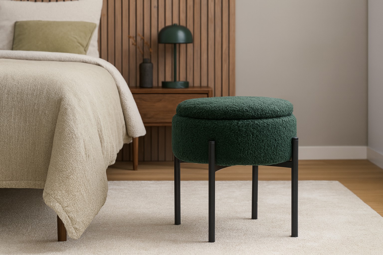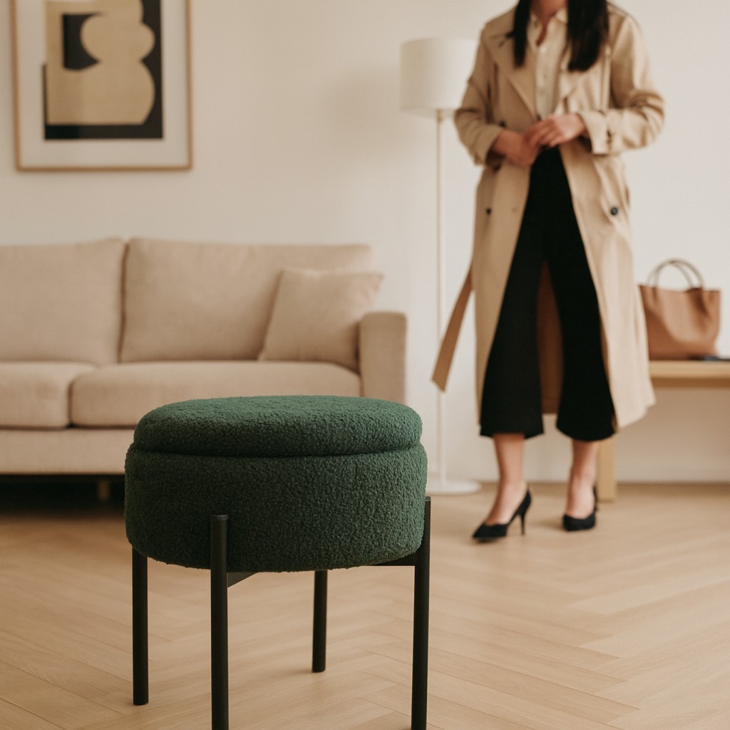 ✅ Найважливіші характеристики та переваги:• 🌿 Сучасний дизайн – зелений колір додає інтер'єру свіжості та стилю.• 🦵 Стабільні металеві ніжки – гарантія міцності та елегантного вигляду.• 📏 Компактний розмір – легко переноситься, поміститься навіть у невеликих приміщеннях.• 🪑 Функціональність – може служити сидінням, підніжкою або декоративним акцентом.• 🏡 Універсальне застосування – підходить для вітальні, спальні, гардеробної або передпокою.
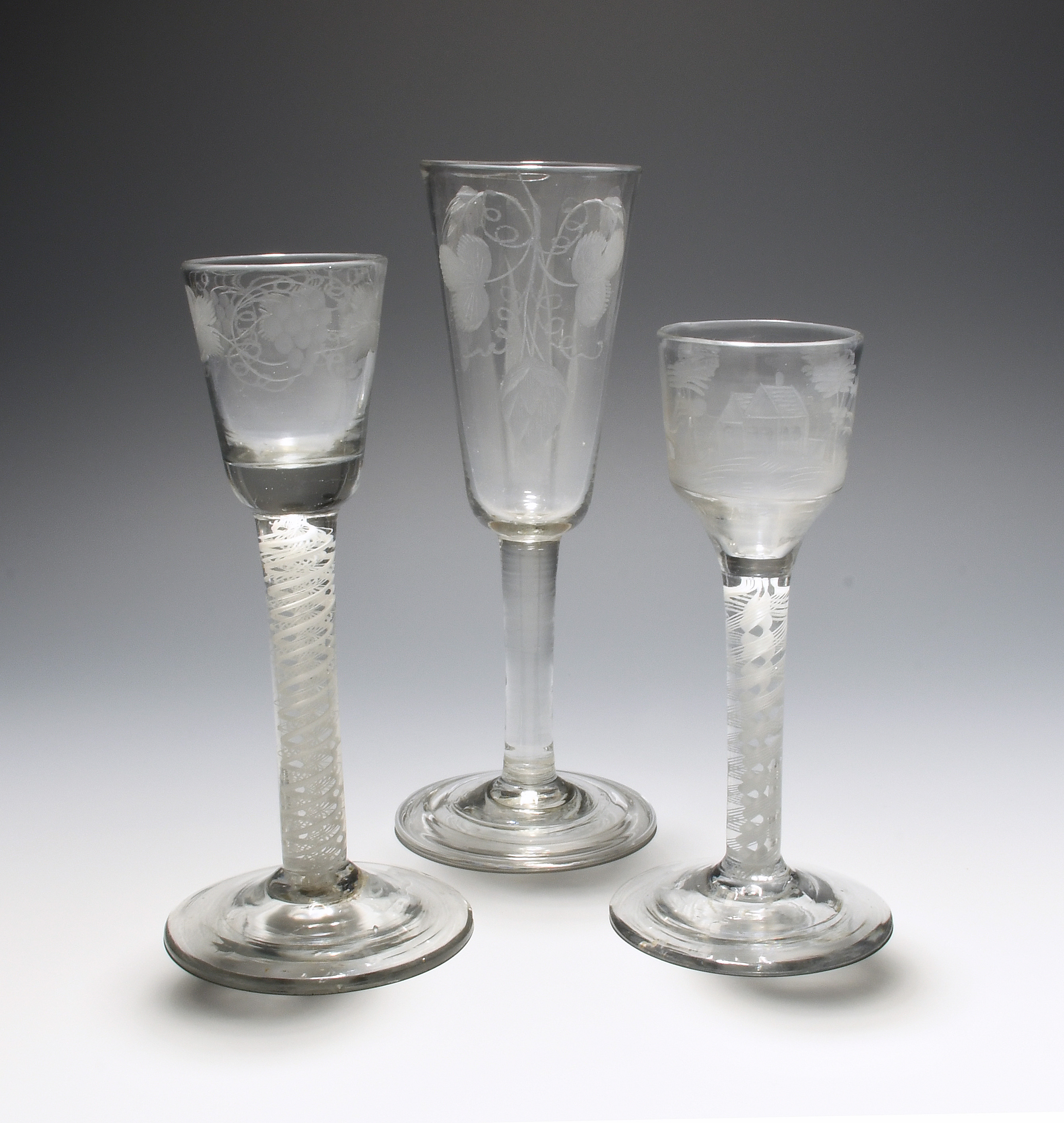 Two wine glasses and an ale glass, c.1740-60, the taller wine with a small bowl engraved with
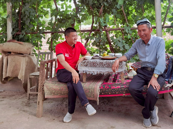 在与当地农户亲切交流之后,管氏翅吧创始人管其兵深入田埂,在一株株孜然植株间考察当季孜然的产新情况。5月底的孜然种子呈现嫩绿色,粒粒饱满,散发着独特的香气。管其兵轻抚着孜然植株嫩绿色的叶片,并不断询问关于孜然生长情况的细节。“往年这时候已经在收割了。”当地农户依力哈木大叔向他介绍到,“今年闰二月,孜然生长期延迟,长势也更加喜人,估计今年是个好收成!”言语之间,依力哈木大叔脸上泛出淳朴而快乐的笑容。
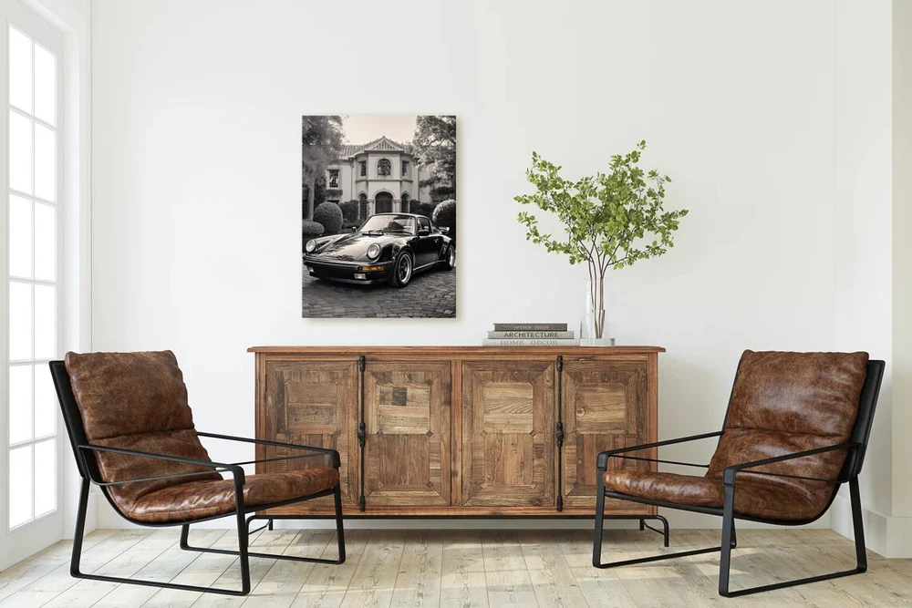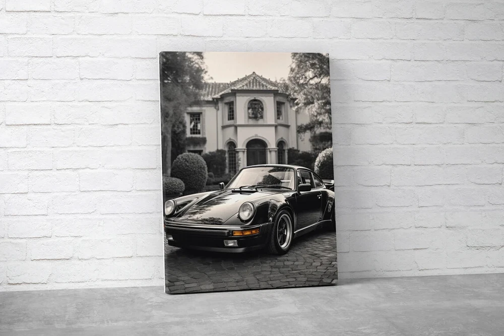 Beautiful Black Classic Car Parked on Street Wall Art Canvas Unframed Print Art
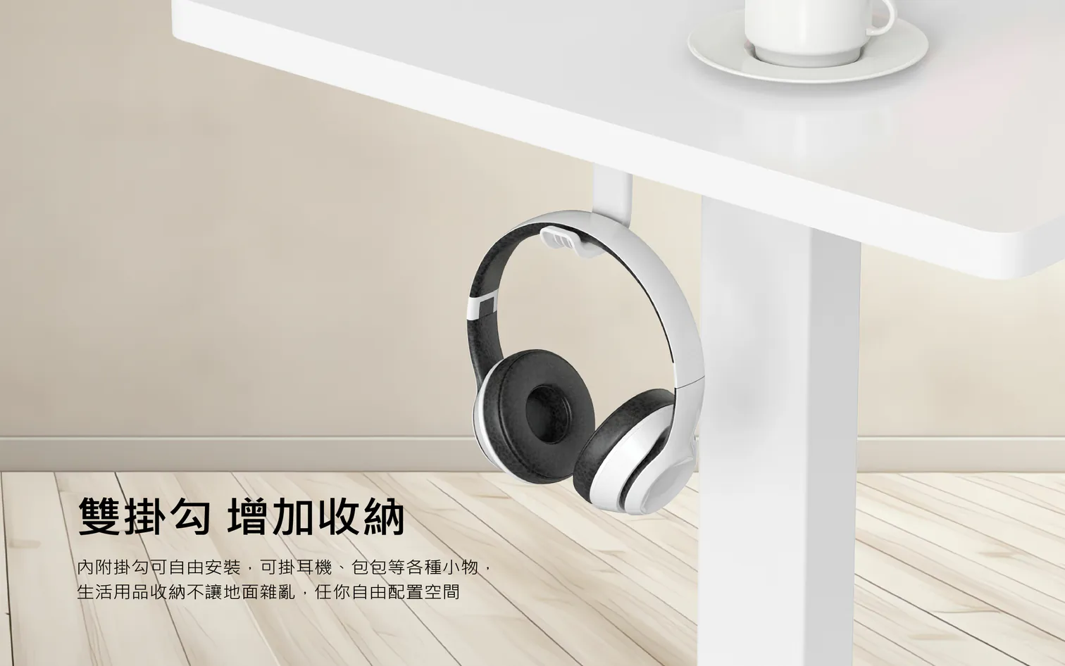 15. 附有兩個多功能掛勾,可自行安裝於桌板下,方便懸掛背包,公事包,耳機,雨傘,以及各種私人用品
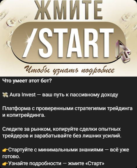 Сам бот позиционируется как платформа с проверенными стратегиями трейдинга и копитрейдинга. Админ предлагает следить за рынком, копировать сделки опытных трейдеров и зарабатывать без лишних усилий. При этом проект Aura Invest не предъявляет каких-либо требований к начальному уровню знаний инвестиций.
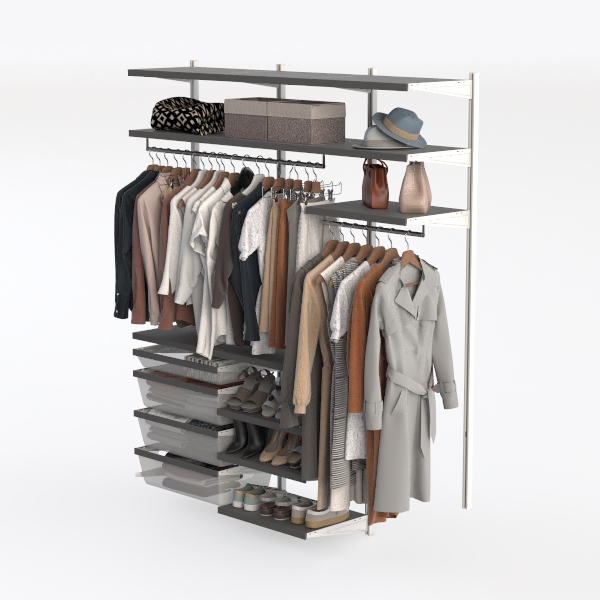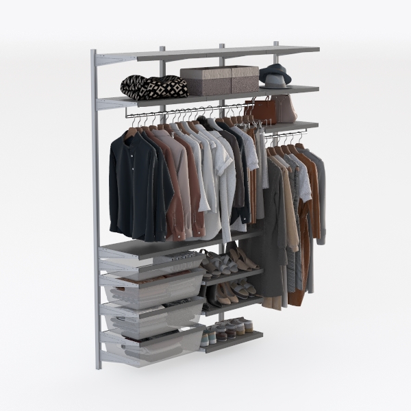 Design inspiration draws from minimalist organization, blending functionality with clean aesthetics. Crafted with sleek metal frames and smooth surfaces, it feels sturdy yet light; transparent drawers and varied clothing hues create a balanced, clutter-free look. Ideal for modern minimalist bedrooms, pairing beautifully with wooden floors and soft lighting, enhancing daily order. Ample hanging space, deep drawers, and a shoe rack below ensure efficient storage, practical and stylish.
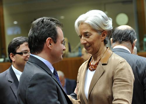 5月9日,在比利時(shí)首都布魯塞爾,法國(guó)經(jīng)濟(jì)、財(cái)政與就業(yè)部長(zhǎng)拉加德(右)與希臘財(cái)政部長(zhǎng)帕帕康斯坦季努在歐盟財(cái)政部長(zhǎng)特別會(huì)議舉行前交談。當(dāng)天,歐盟舉行財(cái)長(zhǎng)特別會(huì)議,討論捍衛(wèi)歐元穩(wěn)定、增強(qiáng)市場(chǎng)信心的具體實(shí)施方案。不斷升級(jí)的希臘債務(wù)危機(jī)和歐盟其他國(guó)家高額的公共債務(wù),使得市場(chǎng)對(duì)歐元區(qū)和歐元的前景普遍擔(dān)憂(yōu)。今年以來(lái),歐元兌美元匯率已經(jīng)下跌超過(guò)10%。歐盟機(jī)構(gòu)和歐元區(qū)國(guó)家領(lǐng)導(dǎo)人在7日特別峰會(huì)后表示將“不惜一切代價(jià)”捍衛(wèi)歐元和歐元區(qū)的穩(wěn)定。新華社記者武巍攝

• _WHAT YOU WILL DO_
Quote the data above exactly from the line with "Two wine glasses" to the line with "Design inspiration draws", both ends counted, and nothing else. Pictures don't go in.

• _TASK RESPONSE_
 Two wine glasses and an ale glass, c.1740-60, the taller wine with a small bowl engraved with
 在与当地农户亲切交流之后,管氏翅吧创始人管其兵深入田埂,在一株株孜然植株间考察当季孜然的产新情况。5月底的孜然种子呈现嫩绿色,粒粒饱满,散发着独特的香气。管其兵轻抚着孜然植株嫩绿色的叶片,并不断询问关于孜然生长情况的细节。“往年这时候已经在收割了。”当地农户依力哈木大叔向他介绍到,“今年闰二月,孜然生长期延迟,长势也更加喜人,估计今年是个好收成!”言语之间,依力哈木大叔脸上泛出淳朴而快乐的笑容。
 Beautiful Black Classic Car Parked on Street Wall Art Canvas Unframed Print Art
 15. 附有兩個多功能掛勾,可自行安裝於桌板下,方便懸掛背包,公事包,耳機,雨傘,以及各種私人用品
 Сам бот позиционируется как платформа с проверенными стратегиями трейдинга и копитрейдинга. Админ предлагает следить за рынком, копировать сделки опытных трейдеров и зарабатывать без лишних усилий. При этом проект Aura Invest не предъявляет каких-либо требований к начальному уровню знаний инвестиций.
 Design inspiration draws from minimalist organization, blending functionality with clean aesthetics. Crafted with sleek metal frames and smooth surfaces, it feels sturdy yet light; transparent drawers and varied clothing hues create a balanced, clutter-free look. Ideal for modern minimalist bedrooms, pairing beautifully with wooden floors and soft lighting, enhancing daily order. Ample hanging space, deep drawers, and a shoe rack below ensure efficient storage, practical and stylish.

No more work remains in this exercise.